Installation of GPUParallel

To install GPUParallel, simply run this simple command in your terminal of choice:

$ python -m pip install gpuparallel

If you want to use unstable version, you can install it from sources. Clone the repo and install:

$ git clone git://github.com/vlivashkin/gpuparallel.git
$ cd gpuparallel
$ python3 -m pip install .

Or, as a shortcut:

$ python3 -m pip install git+git://github.com/vlivashkin/gpuparallel.git

Quickstart

Basic usage

Calc squares of numbers:

1import torch
2from gpuparallel import GPUParallel, delayed
3
4def perform(idx, gpu_id, **kwargs):
5    tensor = torch.Tensor([idx]).to(gpu_id)
6    return (tensor * tensor).item()
7
8result = GPUParallel(n_gpu=2)(delayed(perform)(idx) for idx in range(5))
9print(sorted(result))  # [0.0, 1.0, 4.0, 9.0, 16.0]

Initialize networks on worker init

Function init_fn is called on init of every worker. All common resources (e.g. networks) can be initialized here. In this example we create 32 workers on 16 GPUs, init model when workers are starting and then reuse workers for several batches of tasks:

 1from gpuparallel import GPUParallel, delayed
 2
 3def init(gpu_id=None, **kwargs):
 4    global model
 5    model = load_model().to(gpu_id)
 6
 7def perform(img, gpu_id=None, **kwargs):
 8    global model
 9    return model(img.to(gpu_id))
10
11gp = GPUParallel(n_gpu=16, n_workers_per_gpu=2, init_fn=init)
12results = gp(delayed(perform)(img) for img in fnames)

Reuse initialized workers

Once workers are initialized, they keep live until GPUParallel object exist. You can perform several queues of tasks without reinitializing worker resources:

1gp = GPUParallel(n_gpu=16, n_workers_per_gpu=2, init_fn=init)
2overall_results = []
3for folder_images in folders:
4    folder_results = gp(delayed(perform)(img) for img in folder_images)
5    overall_results.extend(folder_results)
6del gp  # this will close process pool to free memory

Simple logging from workers

Use log_to_stderr() call to init logging, and log.info(message) to log info from workers:

1from gpuparallel import GPUParallel, delayed, log_to_stderr, log
2
3log_to_stderr()
4
5def perform(idx, worker_id=None, gpu_id=None):
6    hi = f'Hello world #{idx} from worker #{worker_id} with GPU#{gpu_id}!'
7    log.info(hi)
8
9GPUParallel(n_gpu=2)(delayed(perform)(idx) for idx in range(2))

It will return:

[INFO/Worker-1(GPU1)]:Hello world #1 from worker #1 with GPU#1!
[INFO/Worker-0(GPU0)]:Hello world #0 from worker #0 with GPU#0!

API Reference

class gpuparallel.GPUParallel(n_gpu=1, n_workers_per_gpu=1, init_fn: Optional[Callable] = None, progressbar=True, ignore_errors=True)[source]

Bases: object

__init__(n_gpu=1, n_workers_per_gpu=1, init_fn: Optional[Callable] = None, progressbar=True, ignore_errors=True)[source]
Parameters
  • n_gpu – Number of GPUs to use. The library doesn’t check if GPUs really available, it is simply provide consistent worker_id and gpu_id to both init_fn and task functions. n_gpu = 0 turns on synced debug mode.

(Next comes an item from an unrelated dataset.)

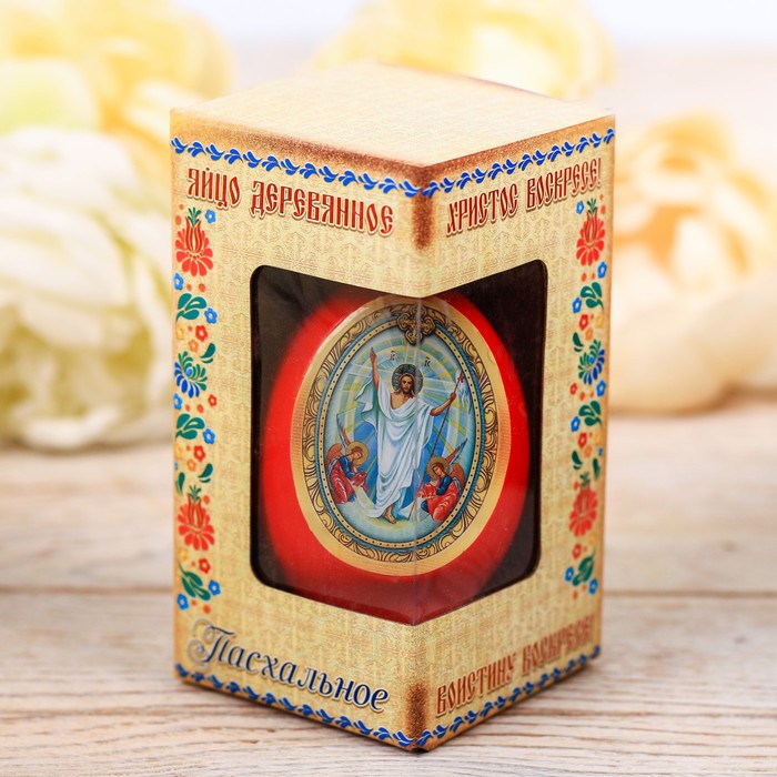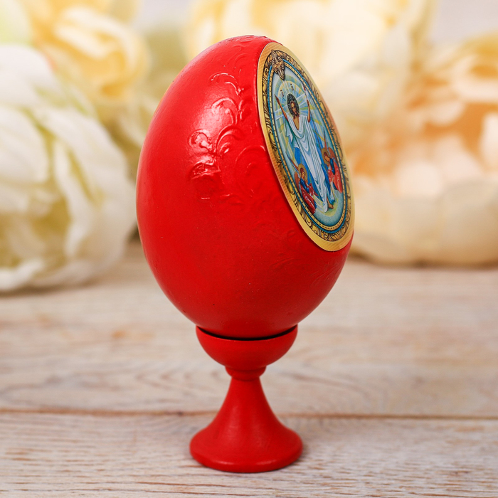 Яйцо является главным атрибутом Пасхи, символом возрождения и вечной жизни. Именно такое красное яйцо на подставке да еще с канонической иконой Воскресения Христова, принесет в Ваш дом ощущение торжества и душевного уюта. А что может быть ценнее, чем праздничное настроение у Ваших близких и дорогих людей.

  • n_workers_per_gpu – Number of workers on every GPU.

  • init_fn – Function which will be called during worker init. Function must have parameters worker_id and gpu_id (or **kwargs). Helpful to init all common stuff (e.g. neural networks) here.

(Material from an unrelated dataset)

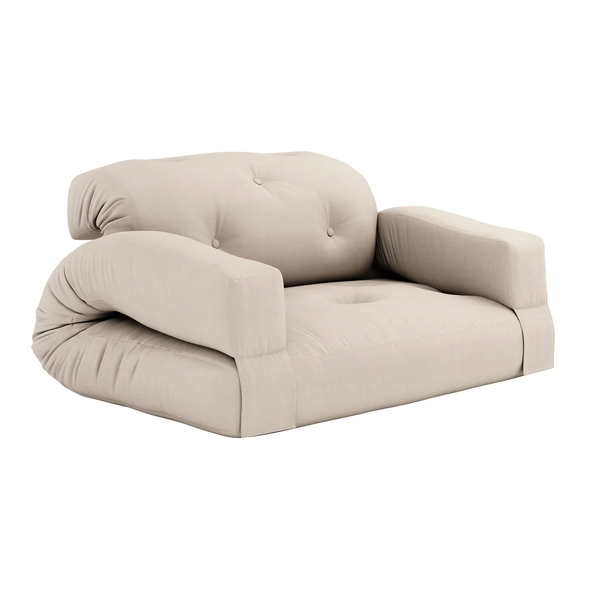 Hippo ist ein bequemes Futonsofa, das sich leicht in eine Matratze verwandeln lässt. Indem man die Rückenlehne des Sofas löst und die Armlehnen anhebt, legt sich Hippo flach hin und wird zu einer dicken, weichen Matratze, die sich perfekt für Gäste und Übernachtungen eignet.

  • progressbar – Allow to use tqdm progressbar.

  • ignore_errors – Either ignore errors inside tasks or raise them.

__del__()[source]

Created pool will be freed only during this destructor. This allows to use __call__ multiple times with the same initialized workers.

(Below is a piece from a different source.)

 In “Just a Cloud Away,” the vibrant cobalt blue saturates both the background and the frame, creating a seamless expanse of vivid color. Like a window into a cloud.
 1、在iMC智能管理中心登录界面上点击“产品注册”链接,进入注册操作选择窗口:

__call__(tasks: Iterable)List[source]

Function which submits tasks for pool and collects the results of computations.

Parameters

tasks – List or generator with callable functions to be executed. Functions must have parameters worker_id and gpu_id (or **kwargs).

Returns

List of results

gpuparallel.delayed(func)[source]

Decorator used to capture the arguments of a function. Analogue of joblib’s delayed.

Parameters

func – Function to be captured.

gpuparallel.log_to_stderr(log_level='INFO')[source]

Shortcut allowing to display logs from workers.

Parameters

log_level – Set the logging level of this logger.